For example, the C real-time computing units repeatedly and iteratively compute each line of twiddle factors according to the inter-line step factor.

FIG. 9 is a schematic structural diagram of a real-time computing array according to an embodiment. Referring to FIG. 9, the real-time computing array includes C real-time computing units, each of which is connected to a buffer unit. A real-time computing unit acquires an inter-line step factor w2 . . . wPipDepth and a pre-computing line quantity line1line2 . . . line PipDepth from a pre-storage unit to perform real-time computing, and a computed twiddle factor enters a buffer unit.

For example, if PipDepth=2, line3 to line1 are computed in real time; and

    • if PipDepth=n, line n+1 to lineR are computed in real time.

FIG. 10 is a schematic diagram of a real-time computing process and a computing time sequence according to an embodiment. Referring to FIG. 10, using PipDepth=2 as an example, PipDepth is pipe, initial lines are line1 and line2, an inter-line step factor is w2, line3 is computed according to line1 and w2, line4 is computed according to line2 and w2, line5 is computed according to line3 and w2, line6 is computed according to line4 and w2, and the rest can be deduced by analogy, to perform iterative computing. A buffer unit buffers several lines of twiddle factors computed in real time, to deal with bandwidth fluctuation of a data interface between different computing units.

Next, in step 65, each line of computed twiddle factors is selected. It may be understood that, the foregoing processing process may be performed by an interconnection selection unit.

In an example, the interconnection selection unit includes:

    • a counter subunit, configured to generate, according to an externally inputted clock cycle signal, a time rhythm control signal that uses an NTT point quantity as a cycle;
    • a control subunit, configured to determine, according to the time rhythm control signal generated by the counter subunit, a specific point location and a specific order that are used for NTT computing and that are of a twiddle factor outputted at a current moment;
    • an address computing subunit, configured to compute an index number of the currently corresponding twiddle factor according to the specific point location and the specific order for the NTT computing that are obtained by the control subunit; and
    • a selection subunit, configured to select, according to the index number obtained by the address computing subunit, the corresponding twiddle factor from a line of twiddle factors buffered by the plurality of buffer units.

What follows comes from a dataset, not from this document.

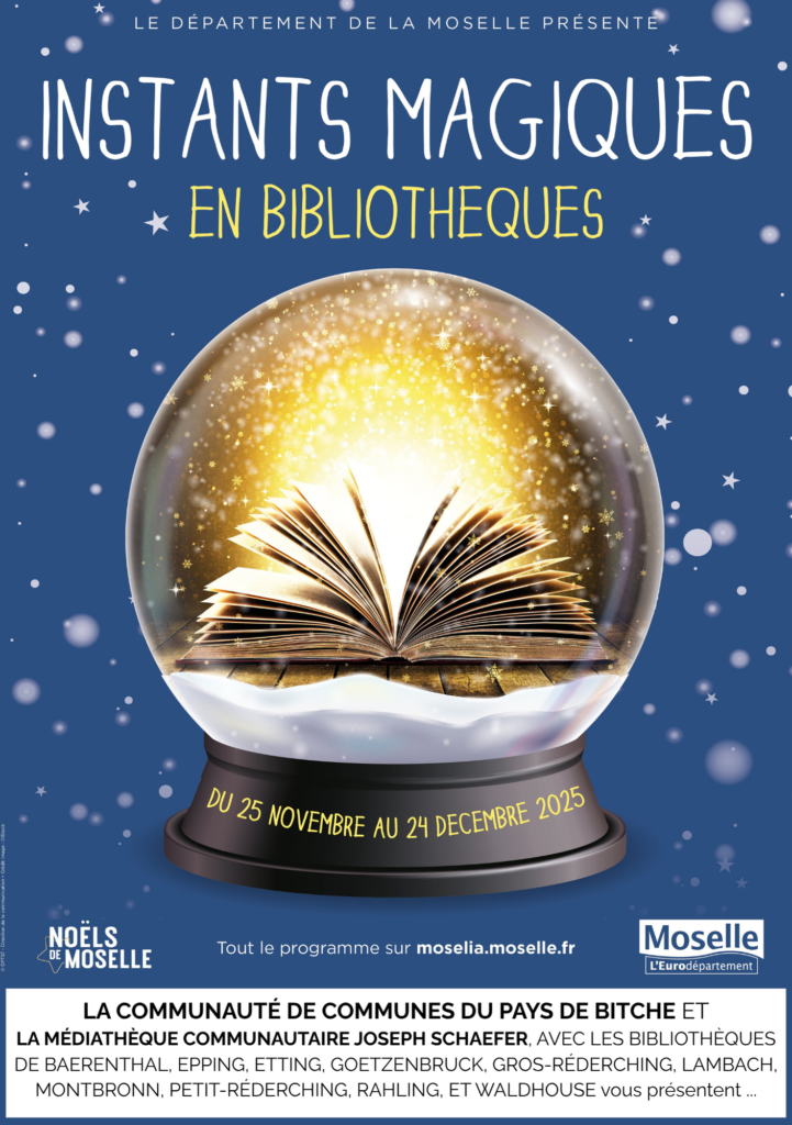 🗓 Du 26 novembre au 24 décembre 2024, à la Médiathèque communautaire Joseph Schaefer et dans les 📚 bibliothèques du Pays de Bitche, venez vivre des instants magiques ! 🤩

Further, the interconnection selection unit further includes:

    • a plurality of interconnection subunits, configured to connect to the plurality of butterfly computing units in a one-to-one correspondence, where
    • the selection subunit is further configured to output the selected twiddle factor to an interconnection subunit corresponding to the index number.

For example, a twiddle factor needed by an NTT computing unit of each order is selected from a line of twiddle factors computed by a real-time computing unit.

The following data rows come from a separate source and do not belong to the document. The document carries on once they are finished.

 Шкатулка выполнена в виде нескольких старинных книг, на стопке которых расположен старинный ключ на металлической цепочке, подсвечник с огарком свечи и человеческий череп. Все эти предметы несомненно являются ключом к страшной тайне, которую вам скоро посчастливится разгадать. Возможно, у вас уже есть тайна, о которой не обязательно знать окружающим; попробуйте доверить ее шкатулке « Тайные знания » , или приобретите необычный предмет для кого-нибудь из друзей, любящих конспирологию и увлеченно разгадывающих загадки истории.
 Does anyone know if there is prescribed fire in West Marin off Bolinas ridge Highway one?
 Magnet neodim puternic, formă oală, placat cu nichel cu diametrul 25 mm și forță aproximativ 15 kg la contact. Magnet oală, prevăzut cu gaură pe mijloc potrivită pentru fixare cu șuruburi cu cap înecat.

In this embodiment of this specification, the design basis of the interconnection selection unit is: In the fast number-theoretic transform, for butterfly computing of each order, several twiddle factors are repeated, and may be compressed.

Using 32-point NTT computing as an example,

    • each twiddle factor used in all the first-order butterfly transforms is 1;
    • 2 twiddle factors are used in all the second-order butterfly transforms, and are respectively 1 and w8;
    • 4 twiddle factors are used in all the 3rd-order butterfly transforms, and are respectively 1 and w4 w8 w12;
    • . . .
    • there are a total of 16 twiddle factors in the 5th order.

Therefore, a total quantity of one line of twiddle factors is 1+2+4+8+16=31.

However, a total quantity of twiddle factors required by 32-point NTT is actually 80. Therefore, extension or expansion from 31 twiddle factors to 80 twiddle factors are implemented by using the interconnection selection unit. Without loss of generality, a total quantity of compressed twiddle factors for N-point NTT computing is 1+2+4+ . . . +N/2.

Specifically, the interconnection selection unit includes the following four components: 1, a counter unit; 2, a control unit; 3, an address computing unit; 4, a selection unit; and 5, an interconnection unit. To reflect an inclusion relationship between units in terms of names, the counter unit may be referred to as a counter subunit, the control unit may be referred to as a control subunit, the address computing unit may be referred to as an address computing subunit, the selection unit may be referred to as a selection subunit, and the interconnection unit may be referred to as an interconnection subunit.

FIG. 11 is a schematic diagram of a composition structure of an interconnection selection unit according to an embodiment. Referring to FIG. 11, a counter unit, referred to as a counter for short, generates, according to an externally inputted clock cycle signal, a time rhythm control signal that uses an NTT point quantity as a cycle; a control unit determines, according to a working time rhythm with which the interconnection selection unit is controlled by the counter, a specific point location and a specific order that are used for NTT computing and that are of a twiddle factor outputted at a current moment; an address computing unit computes an index number of a buffer unit in a real-time computing array for a currently corresponding twiddle factor according to time rhythm information provided by the control unit and with reference to information such as the specific point location and the specific order for the NTT computing; a selection unit selects, according to the index number of the buffer unit outputted by the address computing unit, corresponding twiddle factors from C buffer units in the real-time computing array, and outputs the corresponding twiddle factors to an interconnection unit, where the number falls within an interval of 1 to C; and the interconnection unit distributes the twiddle factors selected from the buffer units to an adjacent interconnection unit through an interconnection interface.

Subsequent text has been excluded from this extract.